=== Problem details ===
Extract exactly the lines from the top of the records through the line containing "Ocorrerá no próximo", and keep pictures out of the copy.

*** Block opens ***

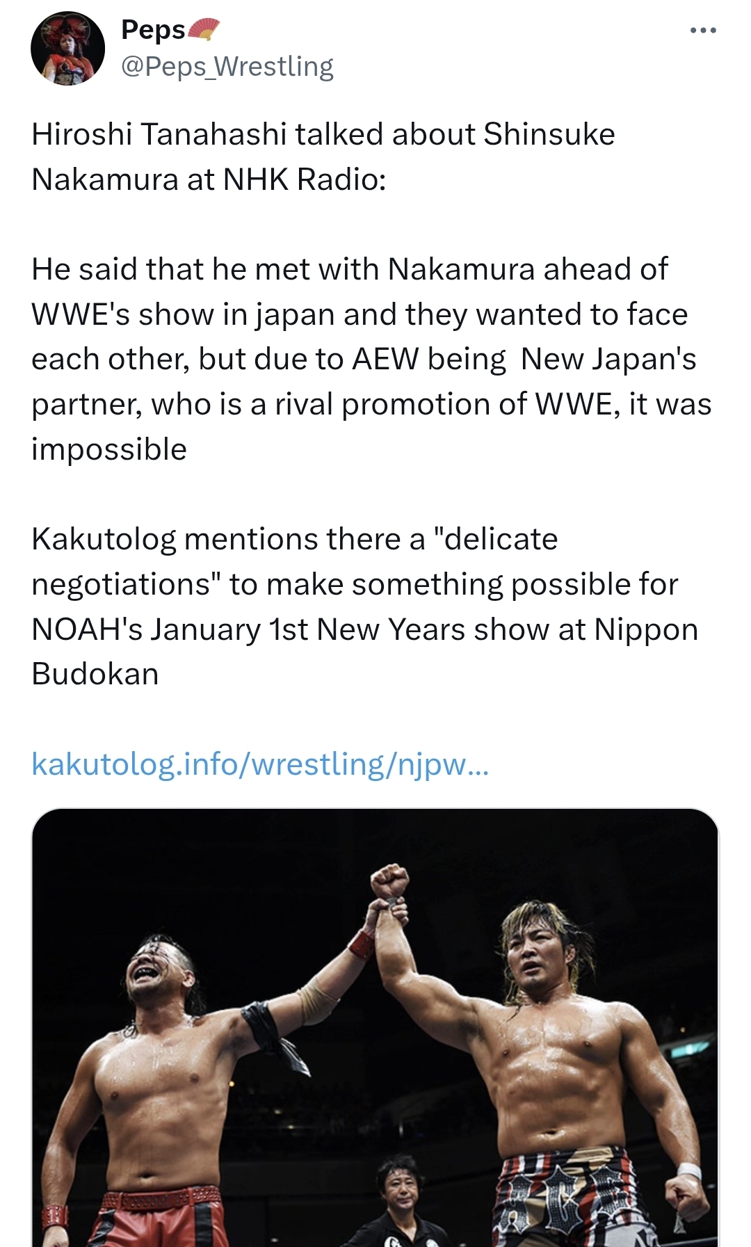>>19253843Yeah looks like NOAH clearly veto'd the nakamura tanahashi match because they want it on their New Year's show instead to try to draw for themsad
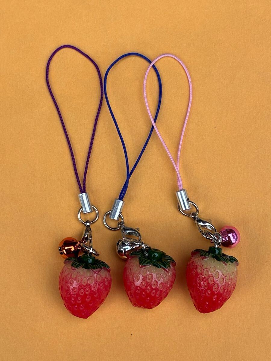 - ★苺のストラップ 3個セット★イチゴ いちご 根付け ストラップ アクセサリー チャーム 果物 キーホルダー マスコット 赤色 レッド 可愛い
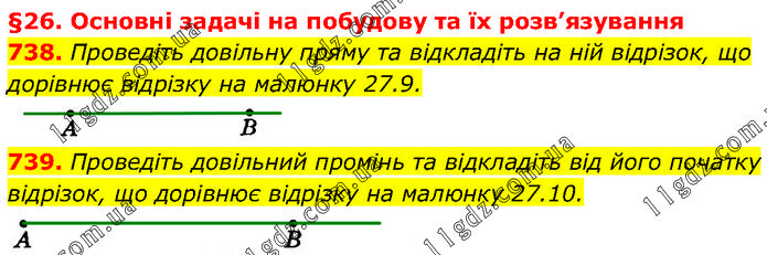 §27. Основні задачі на побудову та їх розв’язування 738. Проведіть довільну пряму та відкладіть на ній відрізок, що дорівнює відрізку на малюнку 27.9. 739. Проведіть довільний промінь та відкладіть від його початку відрізок, що дорівнює відрізку на малюнку 27.10.
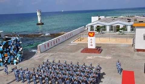 | Binh lính Trung Quốc tại đảo đá Chữ Thập mà nước này chiếm đóng trái phép của Việt Nam từ năm 1988 đến nay |
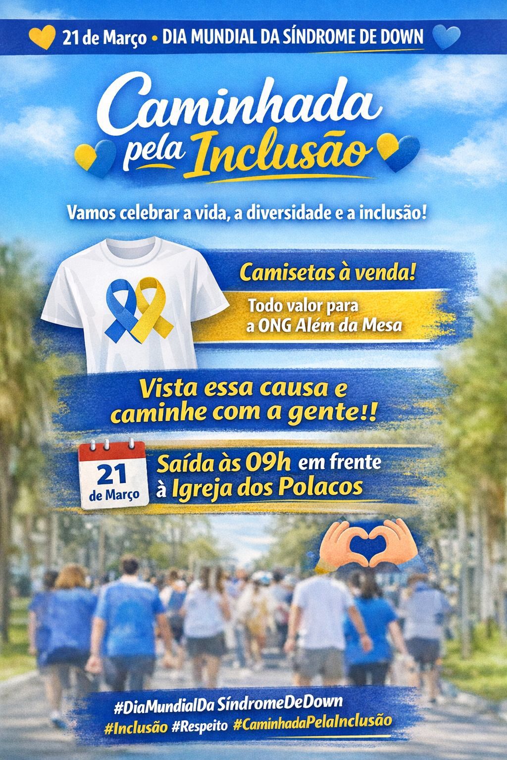 Ocorrerá no próximo sábado (21), a Caminhada pela Inclusão, em prol do Dia Mundial da Síndrome de Down, que será celebrada neste sábado. O objetivo é conscientizar às pessoas sobre a importância da causa, visando uma maior inclusão das pessoas com deficiência na sociedade, que ainda enfrentam muitas barreiras para se inserirem no meios social.
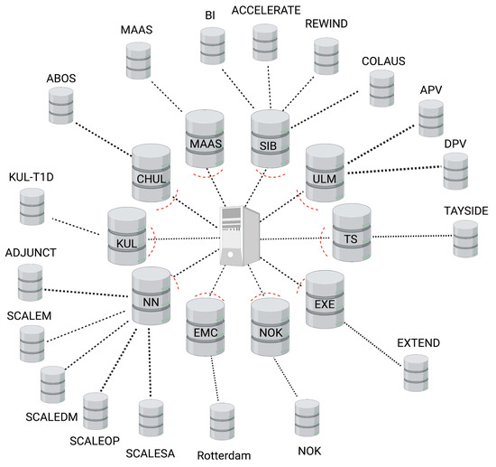 As the federated database contains sensitive data, a secure access policy is critical to safeguard against unauthorized access. The set-up is configured so that access is controlled in two phases: there is first a user authentication phase, which is followed by a local authorization step. User authentication (verification of a user’s identity against a centrally managed list of users) is managed using Agate (https://www.obiba.org/pages/products/agate/, accessed on 15 August 2023), a dedicated software provided with the Opal suite by OBIBA [39]. In this first step, each collaborating node checks the validity of the user’s identity using a dedicated authentication request to Agate. The subsequent authorization phase checks that the user is entitled to access the data node he or she requested. This phase proceeds separately on each of the collaborative nodes engaged by the initial user request. The username is checked against a whitelist of authorized users, and, if present, the user receives an access token for the node. Access does not mean that the user can view or download individual-level data, but it means that the user can execute functions using the R DataSHIELD and dsSwissKnife packages, which can only return summary-level data. It is also important to note that neither the central administrator nor the remote users have direct access (e.g., by SSH) to collaborative servers, nor do remote users have direct access to the central server.
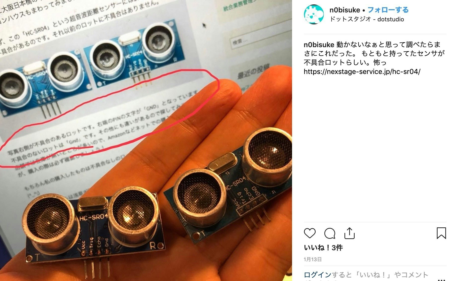 今回利用する超音波センサ、ロットによってはやばい奴があるらしいので気をつけましょう。
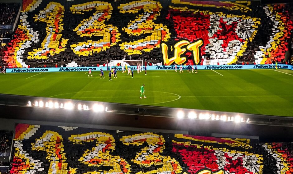 Poprvé bylo použito protažení připravené kartoniády na zeď nad severní tribunou s využitím
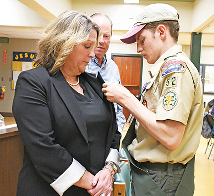 - The newest Eagle Scout of Fairhaven Troop 52, Patrick Fleming, attaches the Eagle Scout Mom Pin on his mother, Heather, while dad, Timothy, looks during the Eagle Court of Honor on 4/9/26 at St. Mary’s Parish Center in Fairhaven. Photo by Beth David.
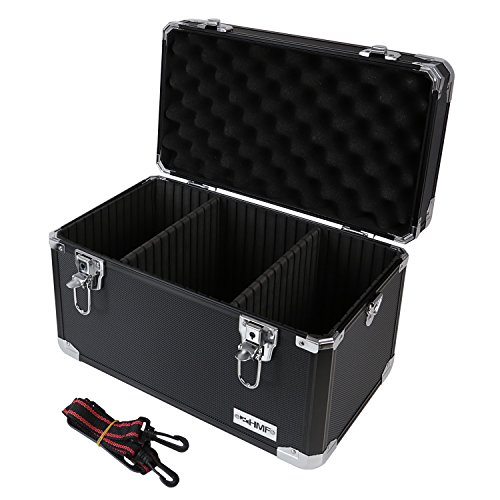 Retro musique Förvaringslåda i aluminium på 17,8 cm för vinylskivor som rymmer upp till 35 EP (i PVC-kuvert) och 35 ytterfickor för vinylskivor, Röd, retro
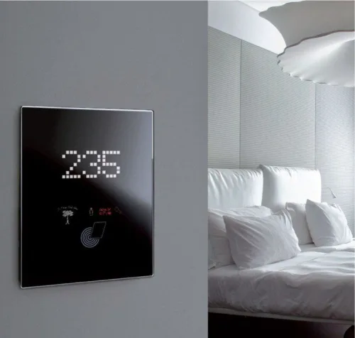 سیستم هوشمند گزینه ای بسیار ایده آل برای مدیریت اتاقها، سوئیتها و مشاعات یک هتل بین المللی و با استاندارد جهانی می باشد. در هر اتاق یا سوئیت کلیدهای ترموستاتیک چندکناره در فضاها و یا حتی کنار سرتختها نصب میشود. مراجعین میتوانند از طریق این کلیدهای هوشمند سیستم سرمایش/ گرمایش، پرده برقی و روشنایی ها را کنترل کنند. امکان نصب لیبلهای استاندار هتلی بر روی هر کلید این امکان را می دهد تا مراجعین هتل از هر کشور و هر زبان بتوانند با این کلیدها به سادگی کار کنند. با وارد کردن کارت هتل در هر اتاق، سناریو خوش آمدگوی (Welcoming) به صورت خودکار اجرا می شود. بدین ترتیب چراغهای ورودی روشن شده، کلیدها و ترموستات فعال میگردد و فیلم خوش آمدگوی از تلویزیون پخش می شود. هنگام ترک اتاق نیز با برداشتن کارت هتلی همه چراغها و ترموستات خاموش می شوند، پرده برقی بسته شده و پس از چند ثانیه چراغ ورودی خاموش می شود تا فرصت ترک به ساکنین داده شود.
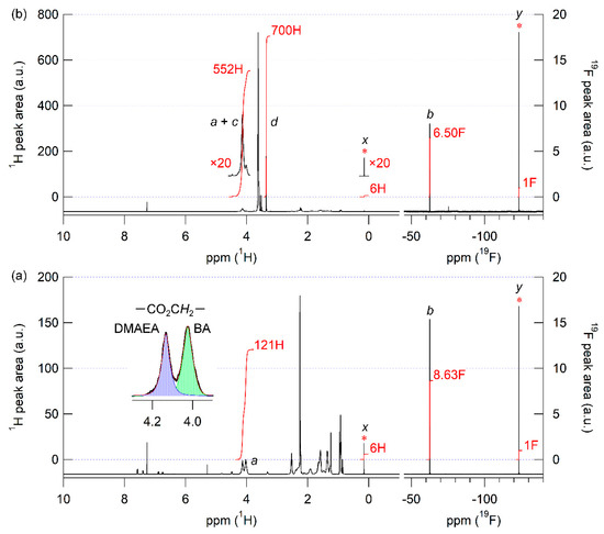 1H (right panel) and 19F NMR spectra (right panel) of P(BA-co-DMAEA) macroCTA (a) and P(BA-co-DMAEA)-b-PPEGA (b) with 4-fluorophenoxy-tert-butyldimethylsilane as a cross-reference in CDCl3. The peak assignments a, b, c, d, x, and y are presented in Scheme 1. Asterisks indicates the peaks attributable to the cross-reference. The inset of (a) is the expanded 1H NMR spectra ranged from 3.8 to 4.3 with the best-fitted curves.
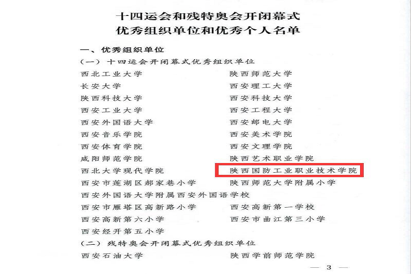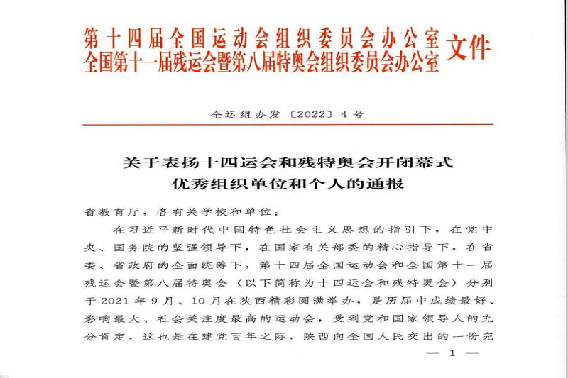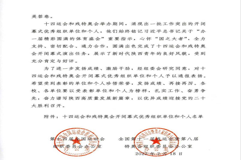 近日,十四运组委会对十四运会和残特奥会开闭幕式优秀组织单位和个人予以通报表扬,我校荣获十四运会开闭幕式优秀组织单位荣誉称号;孟繁增、杨晓平、杨论、周睿、樊英鸽、任军峰、王志刚、皮睿、薛广辰、王国超十名老师获评十四运会开闭幕式优秀管理教师称号;万晓盼、王山启名等一百一十名同学获评十四运会优秀学生演员称号。
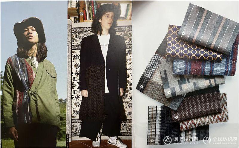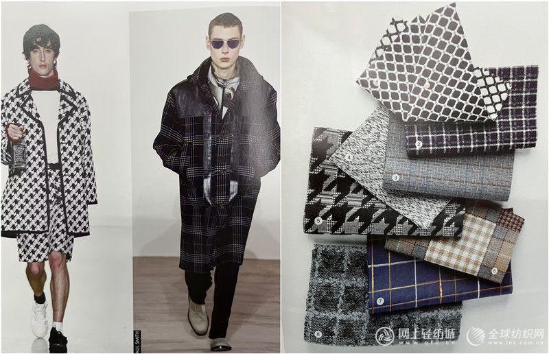 色彩、肌理、纹样的更新使经典品类呈现趣味新意的视觉效果,同时保留了具有传承魅力的熟悉感。花呢外观面料具有结实耐用、可塑性强的特点,通过使用丰富的色彩,并结合混色纱、竹节纱、强捻纱、彩点纱等造就多样化的混色、斑点、苔藓效果,重塑经典单西、套西、夹克、大衣的风格。
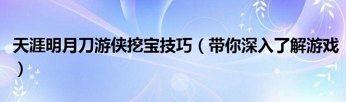 大家好,伊人來為大家解答以上問題。天涯明月刀游俠挖寶技巧,帶你深入了解游戲很多人還不知道,現(xiàn)在讓我們一起來看看吧!
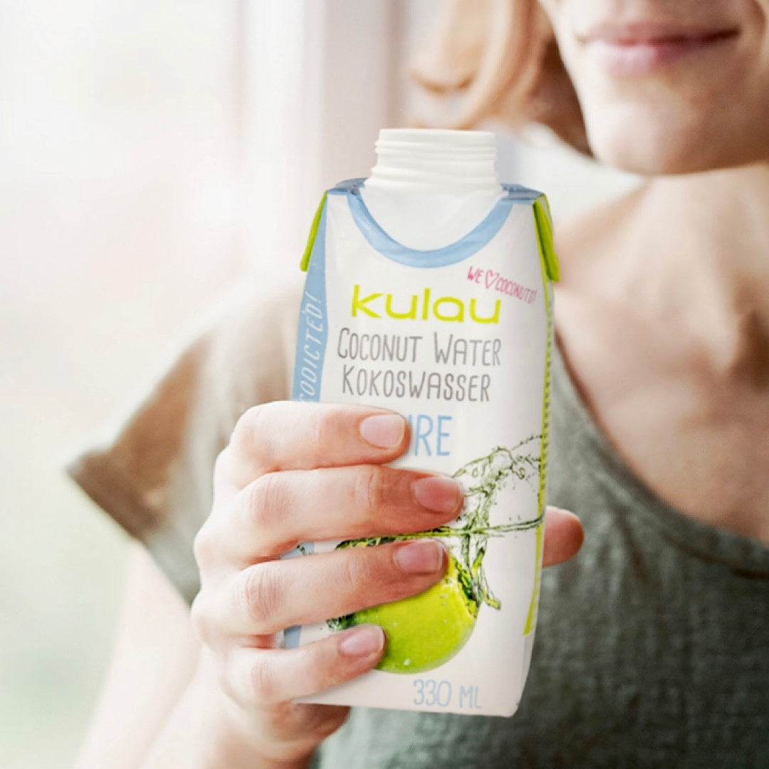 Genießen Sie morgens, mittags oder abends ein gekühltes Glas Kulau Coconut Water, um sich auf köstliche Weise zu rehydrieren.
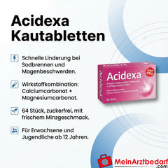 Acidexa® ist ein Arzneimittel aus der Gruppe der Antazida zur Behandlung von Sodbrennen sowie der damit verbundenen Symptome wie Magenbeschwerden und saurem Aufstoßen. - Symbolfoto - Packungsgroesse laut Beschreibung - Calciumcarbonat & Magnesiumcarbonat reagieren mit uberschussiger Magensäure zu löslichen Chloriden.  Calciumcarbonat  wirkt  rasch und  stark  neutralisierend . Diese  Wirkung  wird durch den Zusatz von  Magnesiumcarbonat das ebenfalls  stark   neutralisierend  wirkt  verstärkt . 80 mg Calciumcarbonat 80 mg Magnesiumcarbonat (schwer). Zuckerfrei. Sonstiger Bestandteil mit bekannter Wirkung 299079 mg Xylitol pro Tablette. Rasche Wirkung gegen Sodbrennen Arzneimittel mit bewährter Wirkstoffkombination Bis zu 11 TablettenTag möglich Mit beliebtem Minzgeschmack Zuckerfrei Kle in und Großpackung zur Auswahl (24 bzw. 64 Stuck)
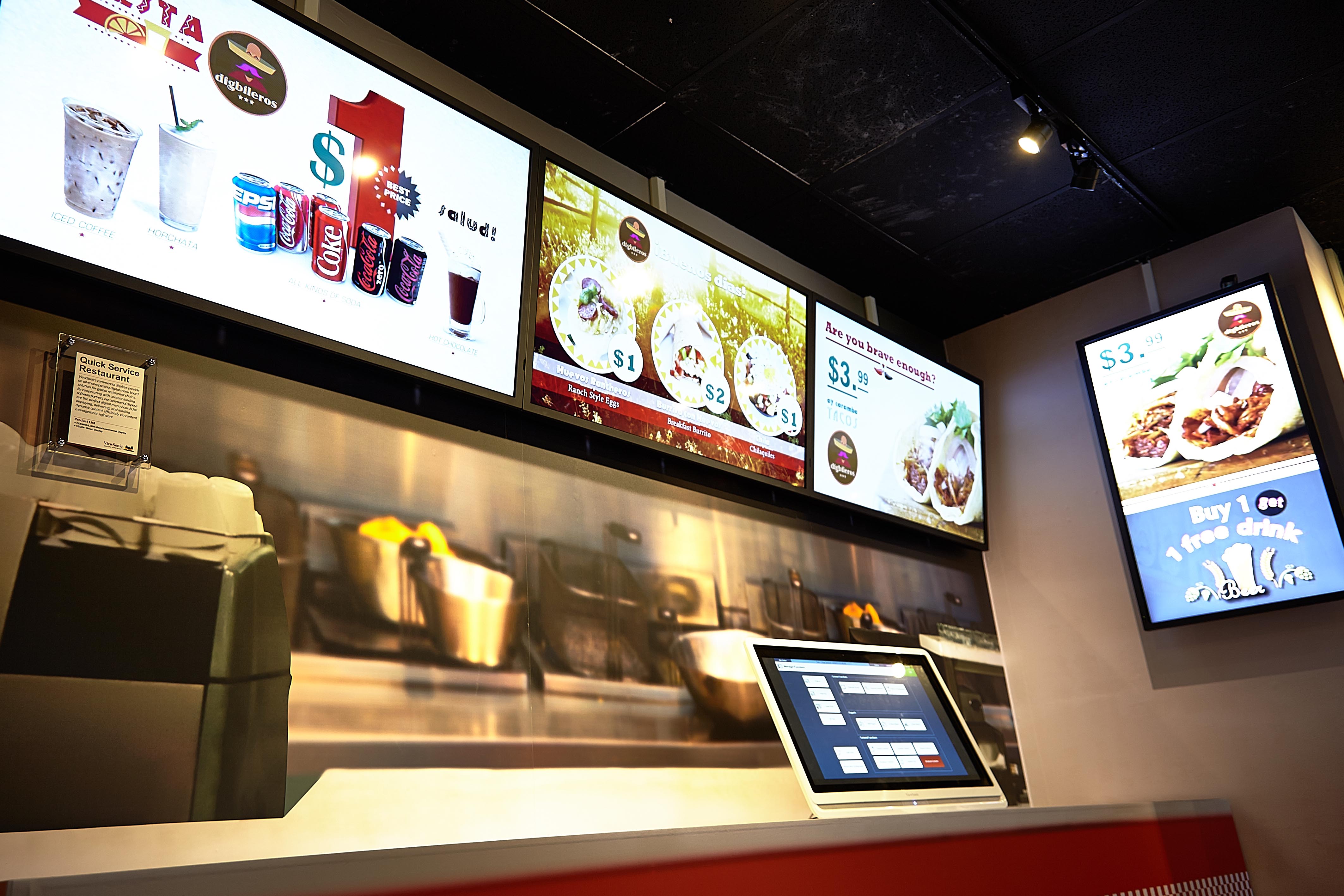視訊科技領導品牌 ViewSonic看準連鎖餐飲及速食業逐漸採用數位電子菜單的商機,推出全方位數位電子看板解決方案,不論是在百貨公司、購物商場、大型賣場、機場、餐廳或是娛樂等公共場所,透過創意數位電子菜單的互動、多元、即時及分眾性等特性,以動態影像抓住顧客目光,擺脫傳統呆板的呈現方式,讓電子菜單成為消費者的時尚話題,同時可以讓店家更有效率的出餐以及增加翻桌率。ViewSonic 一系列的數位看板擁有絕佳的視覺表現與智慧設計,可將軟體、內容與服務做有效的整合,依使用者需求提出最完整、最適用的數位服務解決方案。
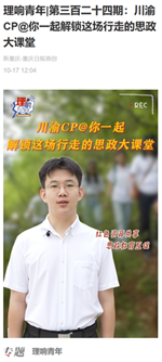 近日,新重庆客户端发表了由重庆日报思想周刊,成人网 党委宣传部、成人网 联合出品的理响青年第三百二十四期作品“川渝CP@你一起解锁这场行走的思政大课堂”。

*** Block closes ***

=== Solution for this problem ===
>>19253843Yeah looks like NOAH clearly veto'd the nakamura tanahashi match because they want it on their New Year's show instead to try to draw for themsad
 - ★苺のストラップ 3個セット★イチゴ いちご 根付け ストラップ アクセサリー チャーム 果物 キーホルダー マスコット 赤色 レッド 可愛い
 §27. Основні задачі на побудову та їх розв’язування 738. Проведіть довільну пряму та відкладіть на ній відрізок, що дорівнює відрізку на малюнку 27.9. 739. Проведіть довільний промінь та відкладіть від його початку відрізок, що дорівнює відрізку на малюнку 27.10.
 | Binh lính Trung Quốc tại đảo đá Chữ Thập mà nước này chiếm đóng trái phép của Việt Nam từ năm 1988 đến nay |
 Ocorrerá no próximo sábado (21), a Caminhada pela Inclusão, em prol do Dia Mundial da Síndrome de Down, que será celebrada neste sábado. O objetivo é conscientizar às pessoas sobre a importância da causa, visando uma maior inclusão das pessoas com deficiência na sociedade, que ainda enfrentam muitas barreiras para se inserirem no meios social.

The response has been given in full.